UN rights head warns of Gaza ‘ethnic cleansing’ amid Israeli strikes
TEL AVIV, Israel — The UN high commissioner for human rights, Volker Turk, on Friday condemned Israel’s latest strikes in the Gaza Strip, warning of the possibility of “ethnic cleansing.”
“This latest barrage of bombs, forcing people to move amid the threat of intensified attacks, the methodical destruction of entire neighborhoods, and the denial of humanitarian assistance underline that there appears to be a push for a permanent demographic shift in Gaza,” Turk said.
He stressed that this would be “in defiance of international law and is tantamount to ethnic cleansing.”

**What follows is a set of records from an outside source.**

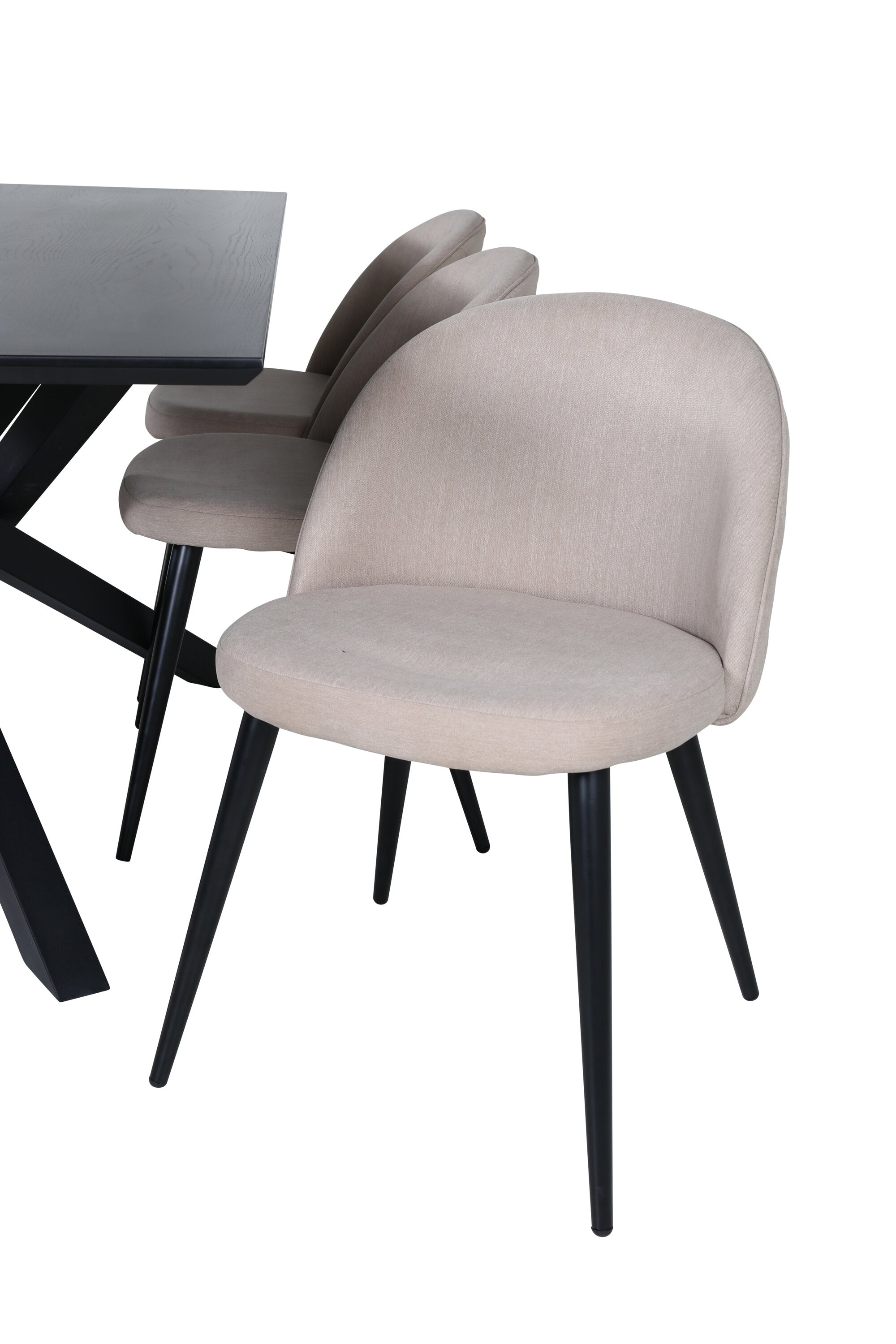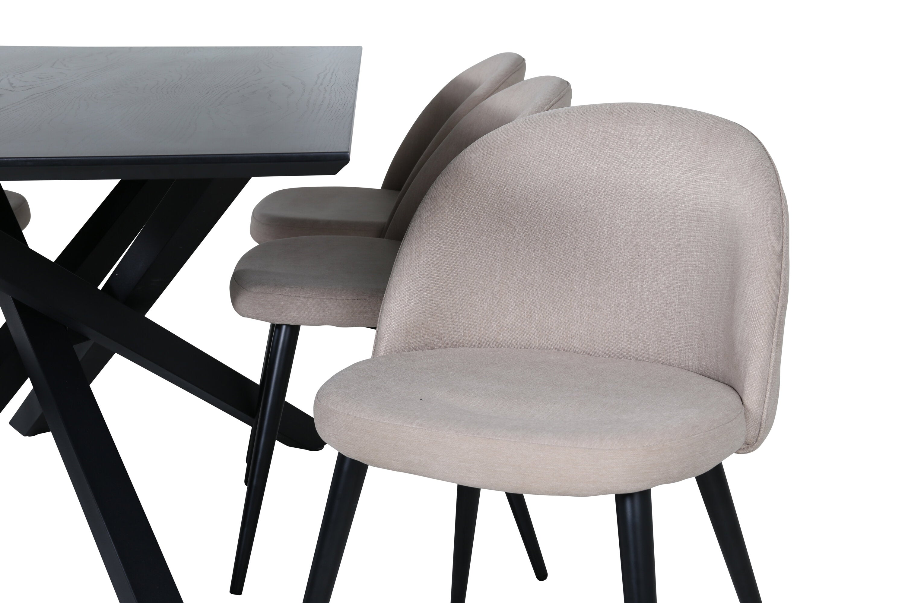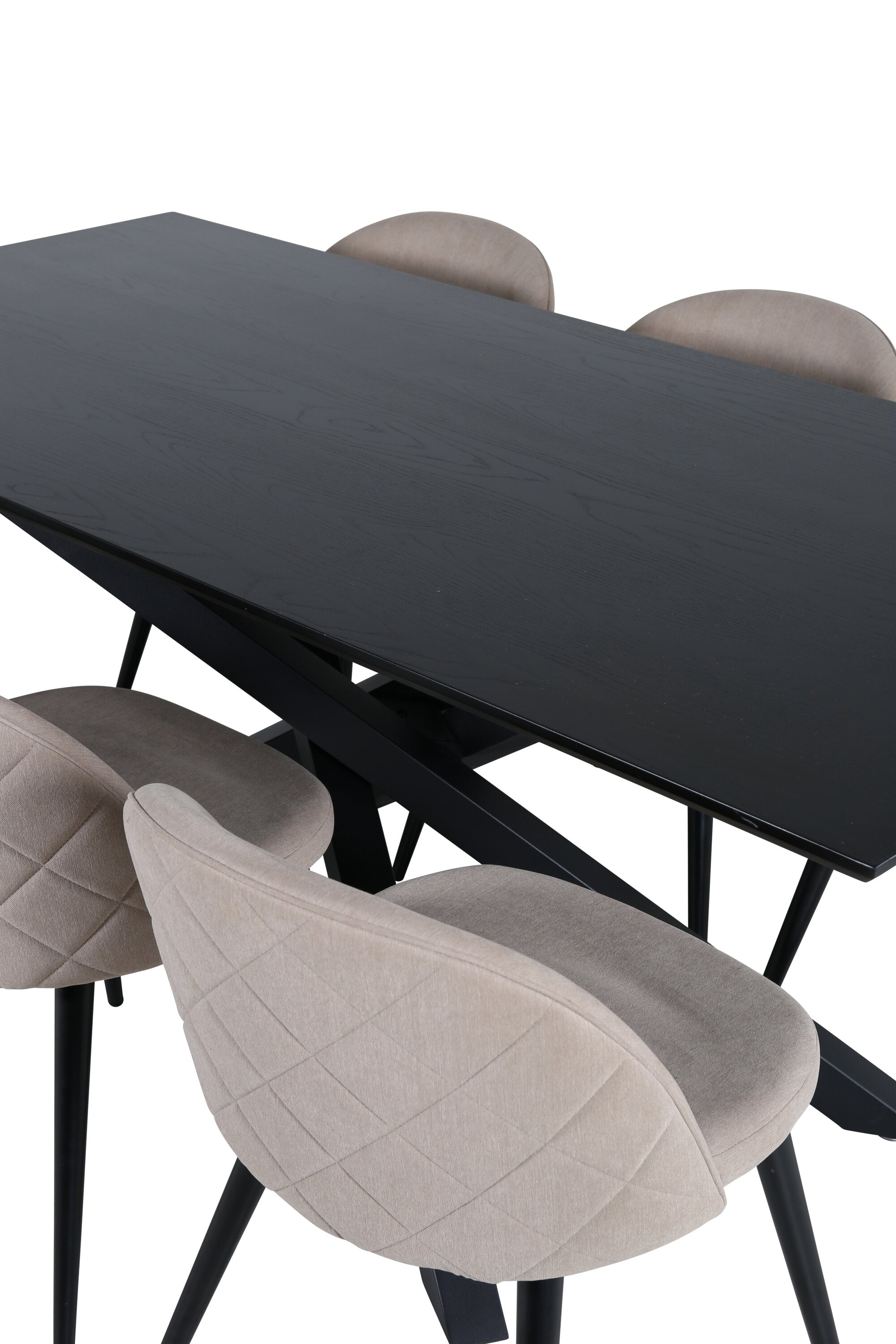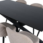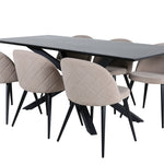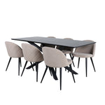 Jídelní stůl Piazza – černá / černá dýha + židle se sametovými stehy – černá / béžová látka (polyesterové prádlo)_6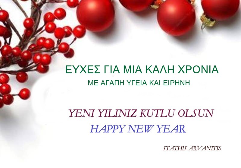 Tüm dünyanın, ülkemin, akrabalarımın ve değerli arkadaşlarımın yeni yılını kutlar, sağlık, mutluluk ve hayırlı kazançlar getirmesini dilerim.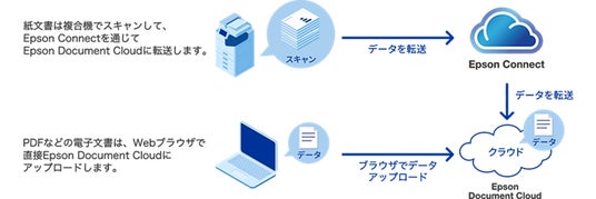 ・紙の文書はエプソンの複合機でスキャンし、「Epson Connect」(注3)経由で直接クラウドにアップロードが可能です。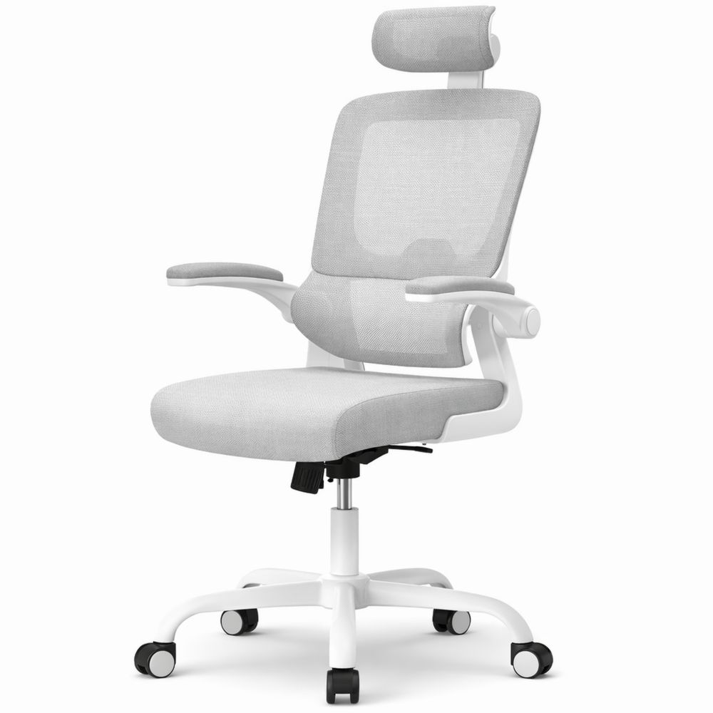 Ergonomischer Bürostuhl mit Verstellbarer Kopfstütze und Netzbezug, Graue Farbe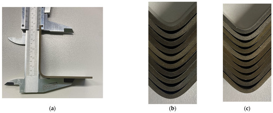 This section presents the main results of the sheet analysis. A visual inspection confirmed that all sheets were produced with high accuracy, successfully achieving the desired bending angles. For instance, Figure 5a illustrates the 10th sheet produced using vertically oriented tools. Additionally, all sheets were assembled for further inspection. Figure 5b,c display the sheets in numerical order from lowest to highest. The inspection revealed that all sheets were correctly produced with no visible defects, abrasions, or cracks in the bending areas or any other sections.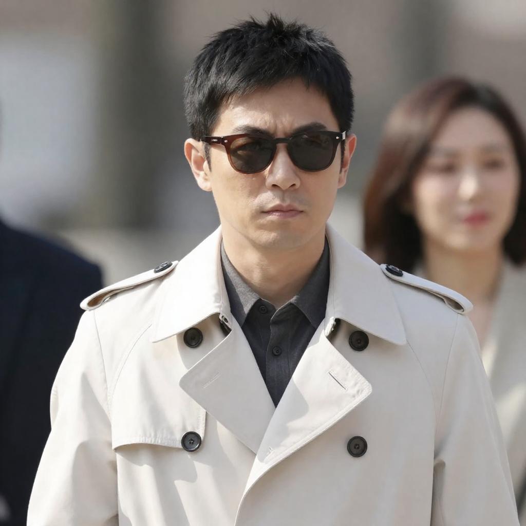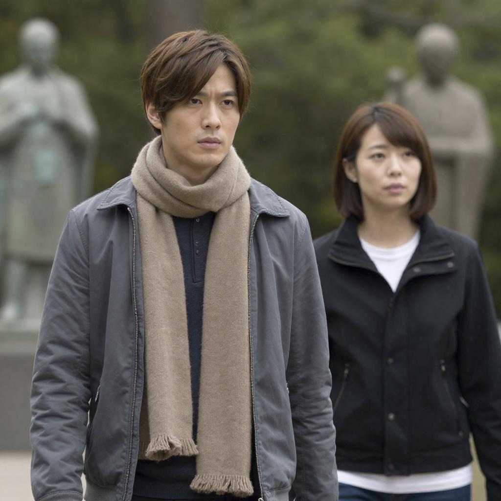 Photograph of two people walking in a forest. Man with medium-length brown hair, wearing a gray jacket and beige scarf, looks forward. Woman with short brown hair, wearing a black jacket over a white shirt, looks ahead. Background includes blurred statues and green trees. Man in the foreground, woman slightly behind and to the right. Both appear focused.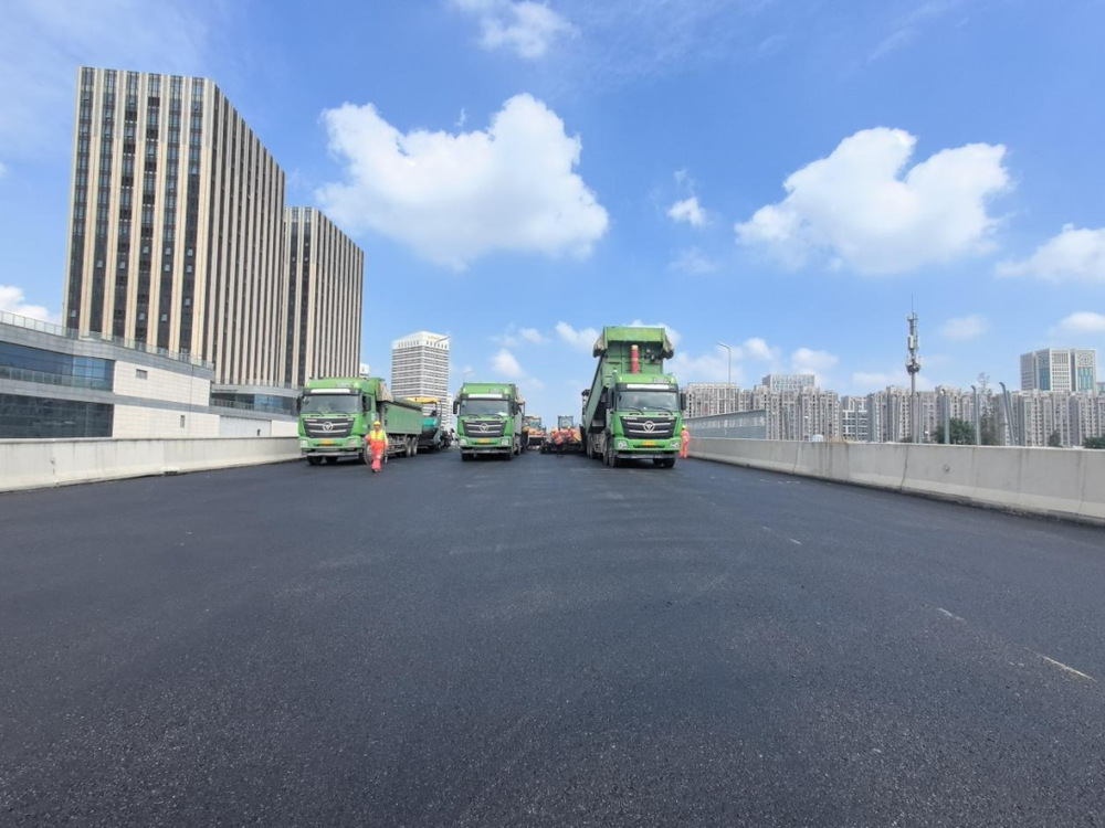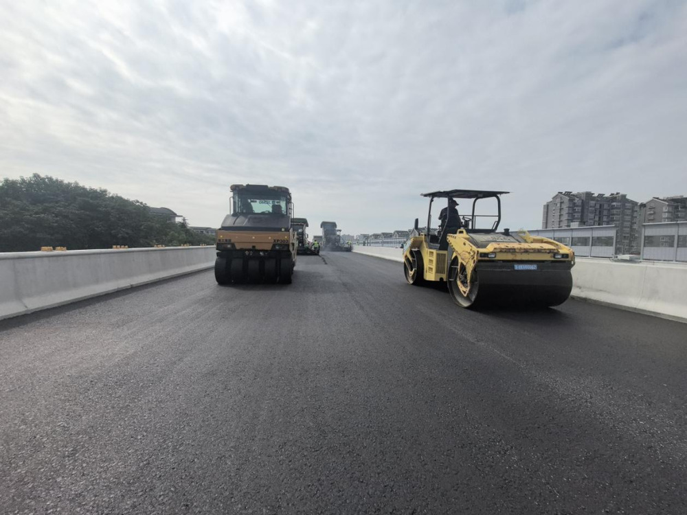 施工過程中,現(xiàn)場攤鋪機、壓路機等設備有序作業(yè),管理人員對原材料質(zhì)量、攤鋪溫度、厚度及平整度進行嚴格控制,確保各項施工符合各項規(guī)范要求,為后續(xù)橋面交通標志標線施劃、智能交通監(jiān)控設施及亮化設備安裝打下基礎。

“We must stop the clock on this madness,” Turk added. He emphasized that the parties to the conflict must comply with the international convention on the prevention and punishment of genocide.
“Those who do not must be held to account,” he said.
Over 100 dead after latest wave of Israeli strikes
Turk’s comments came after the Palestinian news agency WAFA reported that at least 100 people had been killed in the northern Gaza Strip following multiple Israeli airstrikes since Thursday evening.
The Hamas-controlled health authority said 93 people had been killed and more than 200 injured.
The figures do not distinguish between civilian and military casualties and cannot be independently verified.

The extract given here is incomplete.